■ Exercise details ■
Only one portion of the data is to be written out: from the line bearing "The room is" through the line bearing "Altı köşeli yıldızın". Write it exactly as it appears.

■ Material for the task ■

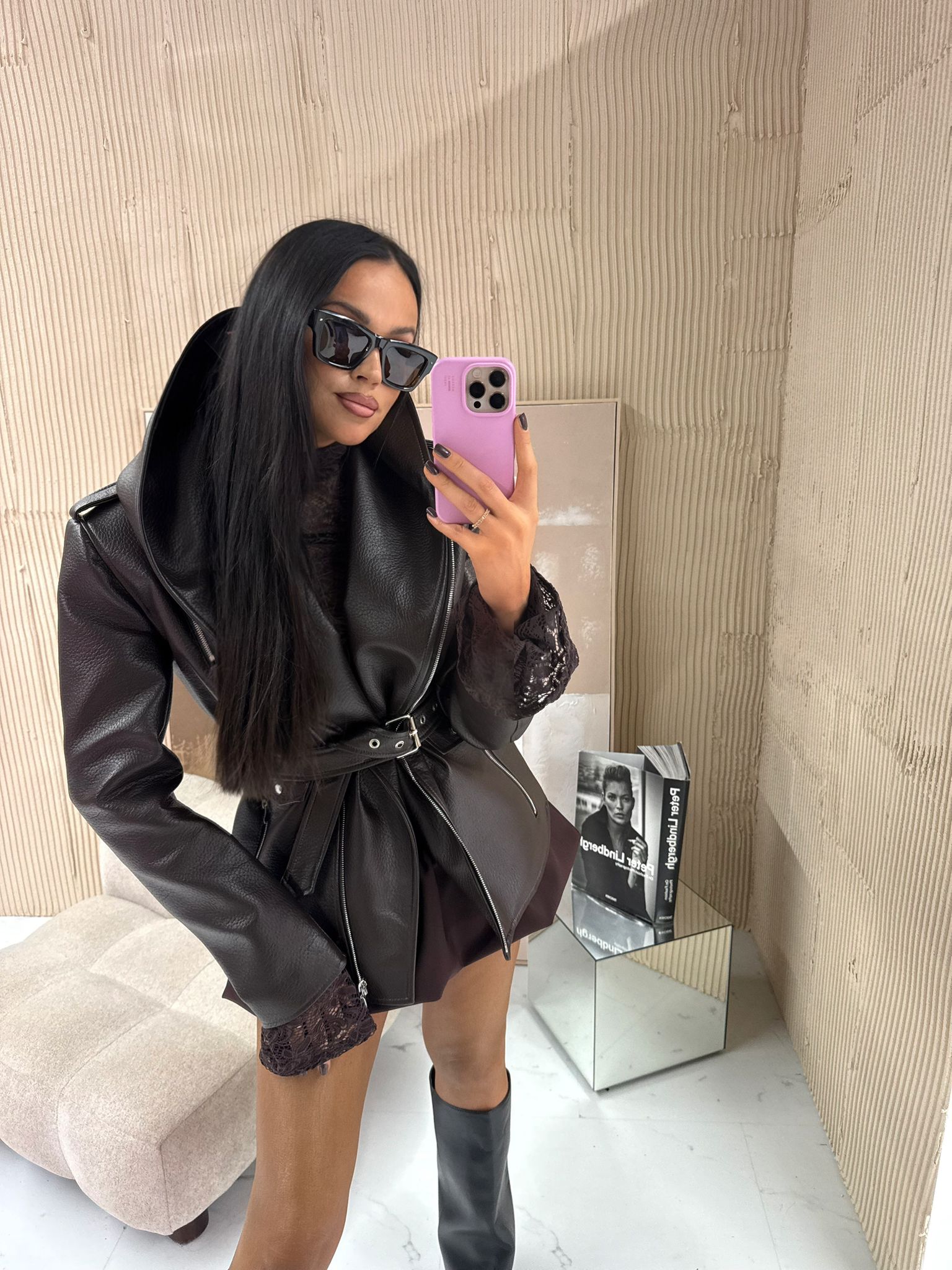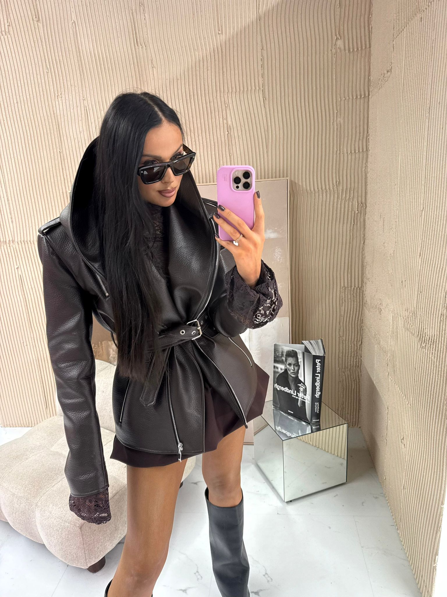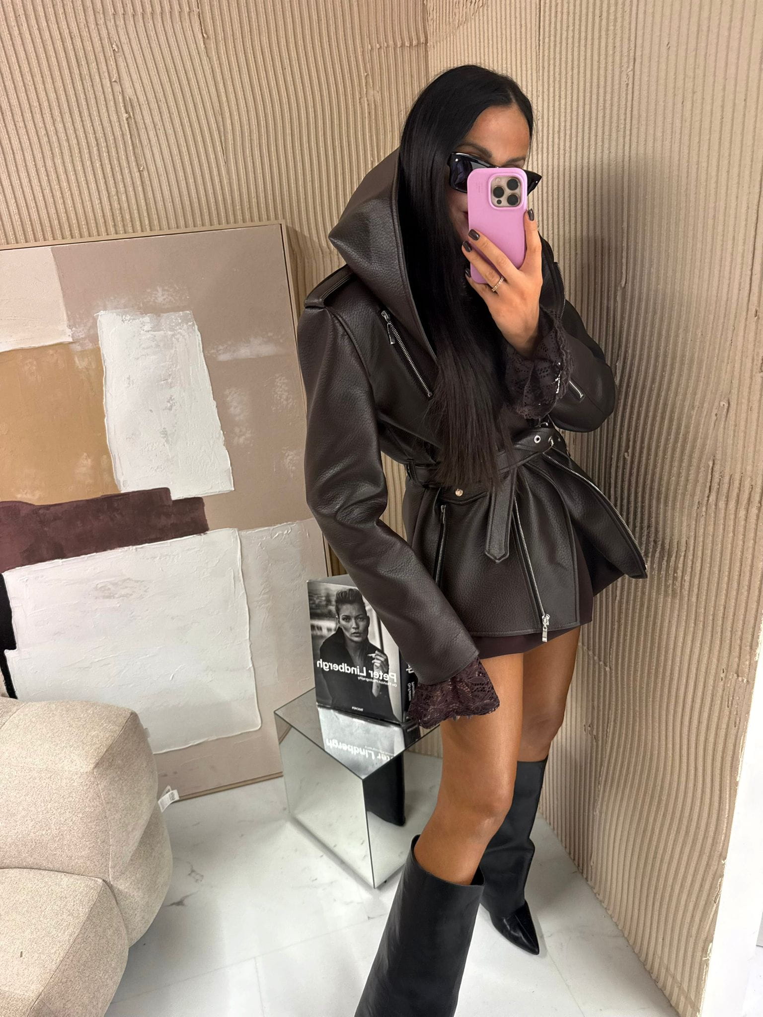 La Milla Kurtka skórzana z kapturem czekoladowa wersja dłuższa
---
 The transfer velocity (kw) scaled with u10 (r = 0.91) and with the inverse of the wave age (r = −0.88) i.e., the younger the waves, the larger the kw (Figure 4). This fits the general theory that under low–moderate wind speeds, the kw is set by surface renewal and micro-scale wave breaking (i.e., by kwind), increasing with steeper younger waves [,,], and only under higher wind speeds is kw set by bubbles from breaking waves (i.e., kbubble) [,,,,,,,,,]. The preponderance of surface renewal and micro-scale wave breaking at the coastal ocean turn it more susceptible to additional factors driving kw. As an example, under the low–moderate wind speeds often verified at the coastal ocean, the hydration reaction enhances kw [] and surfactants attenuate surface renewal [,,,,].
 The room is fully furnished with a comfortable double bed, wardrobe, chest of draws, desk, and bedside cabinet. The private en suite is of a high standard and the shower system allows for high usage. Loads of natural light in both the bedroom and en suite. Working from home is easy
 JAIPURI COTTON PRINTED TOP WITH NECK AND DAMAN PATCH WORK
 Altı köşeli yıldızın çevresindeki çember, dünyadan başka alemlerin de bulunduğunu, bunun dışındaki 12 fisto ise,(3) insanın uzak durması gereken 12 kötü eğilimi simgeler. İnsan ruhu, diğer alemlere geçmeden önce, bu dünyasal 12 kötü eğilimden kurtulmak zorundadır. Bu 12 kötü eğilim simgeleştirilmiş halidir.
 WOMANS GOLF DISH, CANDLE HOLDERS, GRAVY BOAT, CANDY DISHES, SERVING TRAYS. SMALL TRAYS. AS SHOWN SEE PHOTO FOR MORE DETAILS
==
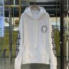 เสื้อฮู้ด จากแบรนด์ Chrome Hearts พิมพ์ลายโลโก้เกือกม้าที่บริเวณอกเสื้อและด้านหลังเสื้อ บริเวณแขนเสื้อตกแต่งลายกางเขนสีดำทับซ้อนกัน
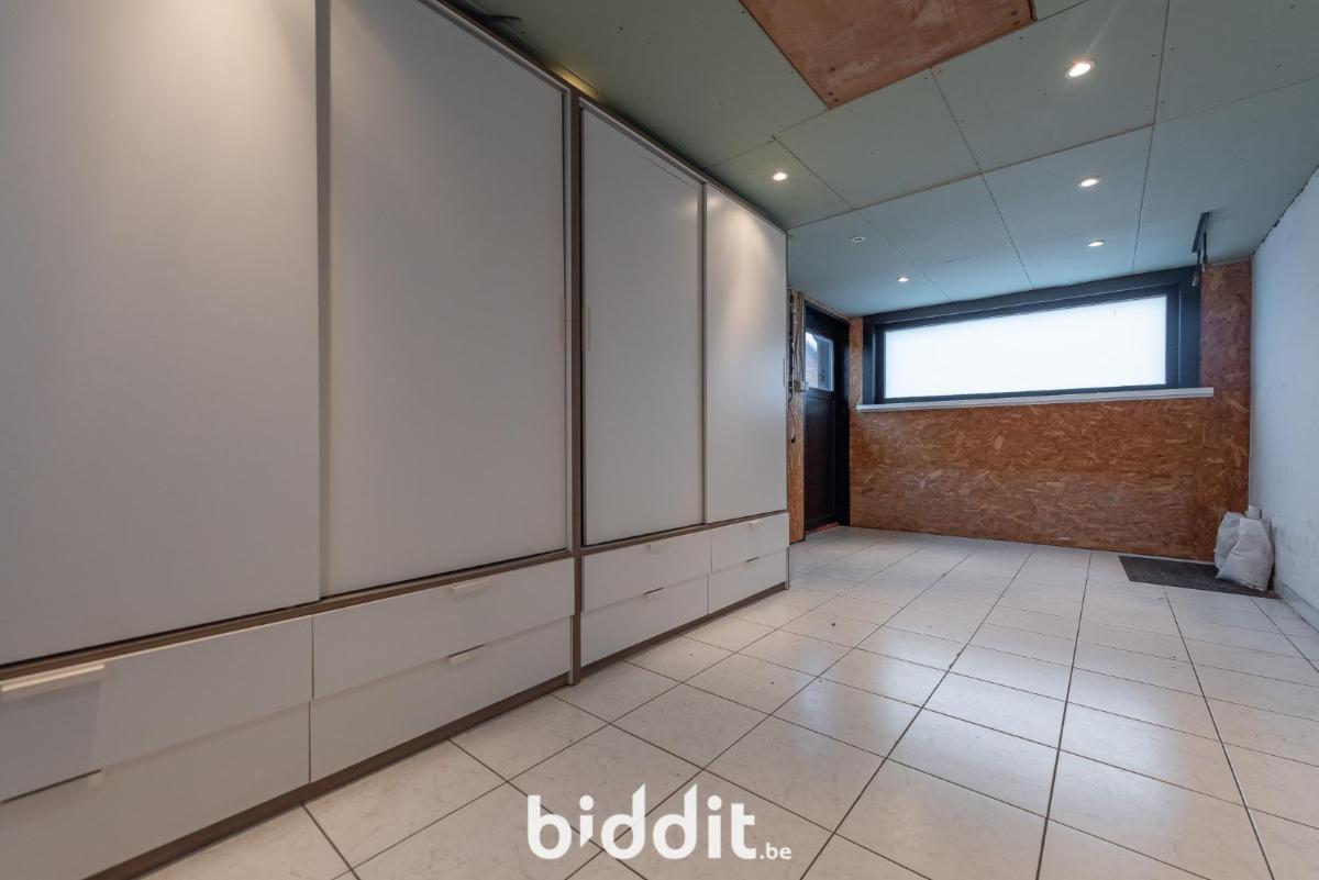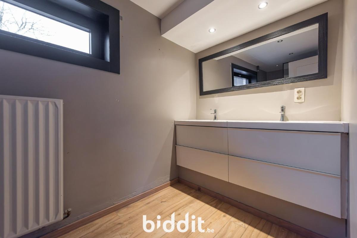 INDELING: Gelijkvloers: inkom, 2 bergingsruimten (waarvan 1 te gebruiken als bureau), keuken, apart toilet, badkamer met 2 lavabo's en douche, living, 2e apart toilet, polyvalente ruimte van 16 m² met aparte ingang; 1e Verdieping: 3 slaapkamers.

■ Answer to the problem ■
 The room is fully furnished with a comfortable double bed, wardrobe, chest of draws, desk, and bedside cabinet. The private en suite is of a high standard and the shower system allows for high usage. Loads of natural light in both the bedroom and en suite. Working from home is easy
 JAIPURI COTTON PRINTED TOP WITH NECK AND DAMAN PATCH WORK
 Altı köşeli yıldızın çevresindeki çember, dünyadan başka alemlerin de bulunduğunu, bunun dışındaki 12 fisto ise,(3) insanın uzak durması gereken 12 kötü eğilimi simgeler. İnsan ruhu, diğer alemlere geçmeden önce, bu dünyasal 12 kötü eğilimden kurtulmak zorundadır. Bu 12 kötü eğilim simgeleştirilmiş halidir.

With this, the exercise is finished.